Yesterday, a scene from The Office must have been filmed where I work. I couldn’t see the camera crews, nor could my colleagues, but I’m certain they were around somewhere. No doubt carefully hidden to get the full documentary effect of the truly preposterous event we witnessed and participated in.
Due to a particular set of circumstances, there is a fair amount of fallow carpet in my acreage at the cube farm. The file folders and computer monitor stands are starting to grow out of control. But management hasn’t brought the big harvesters in to clean things up too much yet.
There are maybe a dozen or so of us left on our floor. Most of us are congregated in a little cluster that I like to think of as London, the pulsing eclectic population center, off near a corner of the floor of this big open floor plan typical of industrial cube farming conglomerates. Others in the group are scattered about, mostly near the south-facing window wall of the building; they’re like little islands really, quiet, sustaining, but lonely and sparse, like the Shetlands, Orkneys, Outer Hebrides, etc.
Well, yesterday afternoon around 3:00 PM, not 20 feet from the main door onto our floor, a stranger came and plopped himself into an empty cube, and proceeded to take an enormous honking 90 minutes and counting sleepfest!! Not the head nodding, struggling to stay awake kind of repose. No, this was the full Monty, a complete sprawl backwards in the nice Herman Miller Aeron chair, limbs akimbo, head back, nose reaching to the sky for maximum sleep apnea effect.

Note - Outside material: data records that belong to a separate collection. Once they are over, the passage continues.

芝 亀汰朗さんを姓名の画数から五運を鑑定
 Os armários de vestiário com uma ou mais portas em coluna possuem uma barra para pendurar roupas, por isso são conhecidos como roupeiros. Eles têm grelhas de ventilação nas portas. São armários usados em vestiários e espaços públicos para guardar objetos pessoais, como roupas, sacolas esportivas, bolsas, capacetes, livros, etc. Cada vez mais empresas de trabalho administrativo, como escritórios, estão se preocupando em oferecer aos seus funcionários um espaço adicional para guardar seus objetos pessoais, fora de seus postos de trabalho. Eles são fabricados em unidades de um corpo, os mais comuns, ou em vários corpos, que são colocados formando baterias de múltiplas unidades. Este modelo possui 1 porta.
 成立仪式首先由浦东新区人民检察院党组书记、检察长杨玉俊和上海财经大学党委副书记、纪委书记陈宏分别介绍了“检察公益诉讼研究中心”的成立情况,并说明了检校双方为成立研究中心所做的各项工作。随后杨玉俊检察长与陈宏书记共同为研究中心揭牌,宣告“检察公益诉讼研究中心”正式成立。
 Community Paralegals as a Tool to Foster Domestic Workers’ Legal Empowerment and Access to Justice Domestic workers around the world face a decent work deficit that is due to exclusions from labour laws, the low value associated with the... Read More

The galling thing was that this stranger was in a cube kitty-corner from a colleague; he was virtually in the open, and just didn’t seem to care. There are quite a few other places on the floor that offer more refuge and solitude for a summer’s afternoon power nap. Noises didn’t rouse him at all, oh no. Whatever he did the night before, or more likely earlier yesterday morning, was sufficient to put him way under.

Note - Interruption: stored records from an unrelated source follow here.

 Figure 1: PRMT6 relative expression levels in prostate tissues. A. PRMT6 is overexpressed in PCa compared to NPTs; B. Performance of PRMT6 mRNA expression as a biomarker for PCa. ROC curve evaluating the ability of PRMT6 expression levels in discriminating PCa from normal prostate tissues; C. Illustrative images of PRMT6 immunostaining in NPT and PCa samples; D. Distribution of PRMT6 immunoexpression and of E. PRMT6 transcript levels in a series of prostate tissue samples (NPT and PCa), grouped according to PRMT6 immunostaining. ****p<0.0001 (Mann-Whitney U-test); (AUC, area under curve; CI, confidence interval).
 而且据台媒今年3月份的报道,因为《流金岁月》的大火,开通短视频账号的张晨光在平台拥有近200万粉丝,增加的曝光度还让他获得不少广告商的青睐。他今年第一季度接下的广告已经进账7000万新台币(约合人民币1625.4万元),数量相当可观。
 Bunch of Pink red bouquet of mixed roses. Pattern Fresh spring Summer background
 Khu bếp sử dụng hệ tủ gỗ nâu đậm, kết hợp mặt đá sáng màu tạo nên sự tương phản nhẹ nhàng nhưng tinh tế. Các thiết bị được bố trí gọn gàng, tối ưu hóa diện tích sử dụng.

And damned if his name tag wasn’t flipped over so none of us could see who this interloper was! I suppose one of us could have walked up and tried picking up the badge and turning it over to identify the culprit (soon-to-be urban legend hero). But getting caught with one’s hands grabbing at another employee’s lap, no matter the circumstances, well, that’s a bit too risky for any of us.

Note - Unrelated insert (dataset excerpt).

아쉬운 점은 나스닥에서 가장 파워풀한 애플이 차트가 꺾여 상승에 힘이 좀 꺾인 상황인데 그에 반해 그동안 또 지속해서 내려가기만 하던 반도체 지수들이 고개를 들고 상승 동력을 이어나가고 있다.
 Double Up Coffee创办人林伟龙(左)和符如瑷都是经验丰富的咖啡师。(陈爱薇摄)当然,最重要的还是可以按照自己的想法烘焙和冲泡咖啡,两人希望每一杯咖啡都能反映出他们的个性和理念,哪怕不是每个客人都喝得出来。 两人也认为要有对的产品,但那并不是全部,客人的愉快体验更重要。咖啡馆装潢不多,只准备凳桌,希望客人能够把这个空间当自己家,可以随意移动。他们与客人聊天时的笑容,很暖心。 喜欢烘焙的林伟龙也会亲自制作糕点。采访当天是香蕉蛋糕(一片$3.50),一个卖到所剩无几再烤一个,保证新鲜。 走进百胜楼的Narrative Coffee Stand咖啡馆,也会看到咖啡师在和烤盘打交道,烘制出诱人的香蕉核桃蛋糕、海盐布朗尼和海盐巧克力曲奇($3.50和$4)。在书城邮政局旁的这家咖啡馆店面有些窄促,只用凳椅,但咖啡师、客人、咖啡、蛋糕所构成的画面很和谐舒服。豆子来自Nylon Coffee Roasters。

And what did we spineless cowards do? Well, I don’t know, because the end of the workday came for me and I had done nothing and trudged my way home through the soul-deadening rush hour traffic. I sure now regret not going up to this little turd and kicking the chair practically out from under his snoozing ass. What’s gonna happen? Waking up a sleeping employee. Don’t see that as a code of conduct violation anywhere. I haven’t checked yet to see if any of my colleagues took matters into their own or collective hands. Lord I hope so; but I worry what’s becoming of us. We just stood around chatting about the absurdity of it all, laughing at the nerve this guy had, how he was really bad form, hurting no one but himself, having crossed a line somehow. But still, we had a certain awe, and subconsciously no doubt a grudging respect and admiration for the sheer abandonment and recklessness, the cast iron cahoneys, that would embolden a person to just plop down in the middle of an office complex and fall sound asleep. I’m sure the camera crew got good close up looks of us as those thoughts of grudging tolerance ran across our faces.
Is this what it’s come to? Will this schmuck have woken up at 8:00 PM, thought to himself “Holy shit!! God, I’ve been out for hours! I’m totally screwed! My wife’s gonna think I’m at the bar again. There’s not even a game on tonight. Shit!” And then . . . nothing happens. No one noticed. Hell, it was a great nap, dammit. I’m coming back here; they’re soft and quiet over here. Patsies. Losers. And I’m getting paid for this. Awesome!
And what of the rest of us? Are we the guy in the basement muttering about a stapler? The horror, the horror. I definitely need more flair.